I don't think we can settle down with any instance that provides less
than (2G RAM, obviously), but ideally, we need 3G+. 2-core CPU is good
enough.
* Disk space: 17G for system and 8G for _pgsqldb_ directory
If needed, we are able to clean-up the database directory of old dumps
and backups and get down to around 4G disk space.
=== Backend
* RAM: 5G (out of 16G)
* CPU: 8 cores (3400MHz) with load 4.09, 4.55, 4.24
Backend takes care of spinning-up builders and running ansible playbooks
on them, running _createrepo_c_ (on big repositories) and so
on. Copr utilizes two queues, one for builds, which are delegated to
OpenStack builders, and action queue. Actions, however, are processed
directly by the backend, so it can spike our load up. We would ideally
like to have the same computing power that we have now. Maybe we can go
lower than 16G RAM, possibly down to 12G RAM.
* Disk space: 30G for the system, 5.6T (out of 6.8T) for build results
Currently, we have 1.3T of backup data, that is going to be deleted
soon, but nevertheless, we cannot go any lower on storage. Disk space is
a long-term issue for us and we need to do a lot of compromises and
settling down just to survive our daily increase (which is around 10G of
new data). Many features are blocked by not having enough storage. We
cannot go any lower and also we cannot go much longer with the current
storage.
=== Distgit
* RAM: ~270M (out of 4G), but climbs to ~1G when busy
* CPU: 2 cores (3400MHz) with load 1.35, 1.00, 0.53
Personally, I wouldn't downgrade the machine too much.
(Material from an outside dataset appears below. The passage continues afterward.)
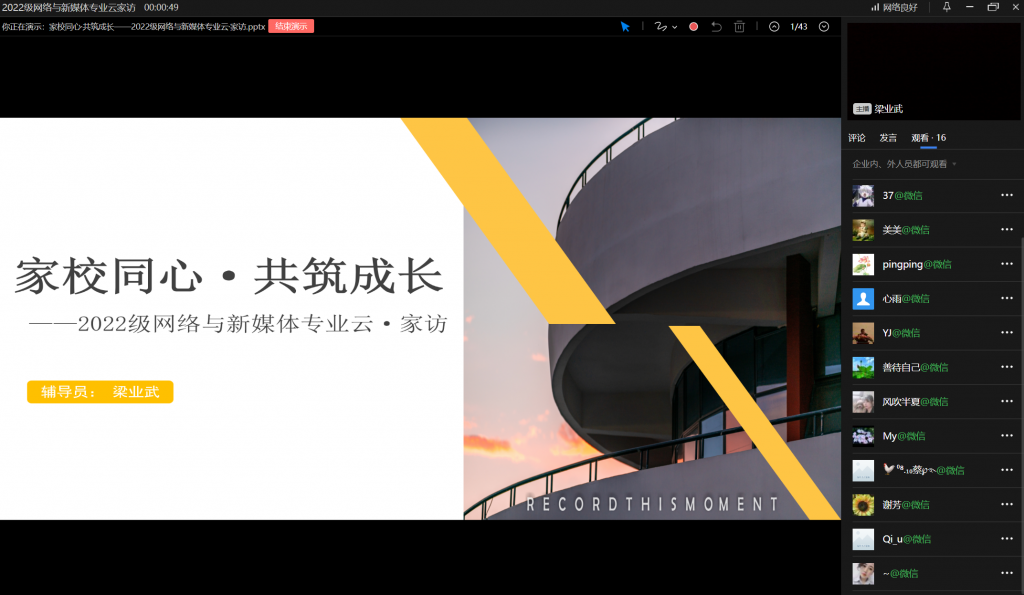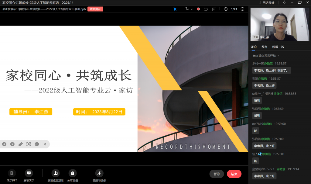 根据学校学工部(处)《2023年暑期学生工作队伍职业能力提升大练兵》的工作要求,为推进家校深度融合,打造家校育人共同体,2023年8月我院辅导员通过企业微信组织开展暑期“云·家访”活动。

Possibly we can
live with 3G ram, but I wouldn't go any lower.
* Disk space: 7G for system, 1.3T dist-git data
We currently employ a lot of aggressive cleaning strategies on our
distgit data, so we can't go any lower than what we have.
=== Keygen
* RAM: ~150M (out of 2G)
* CPU: 1 core (3400MHz) with load 0.10, 0.31, 0.25
We are basically running just _signd_ and
_httpd_ here, both with minimal resource requirements. The
memory usage is topped by _systemd-journald_.
* Disk space: 7G for system and ~500M (out of ~700M) for GPG keys
We are slowly pushing the GPG keys storage to its limit, so in the case
of migrating copr-keygen somewhere, we would like to scale-up it to at
least 1G.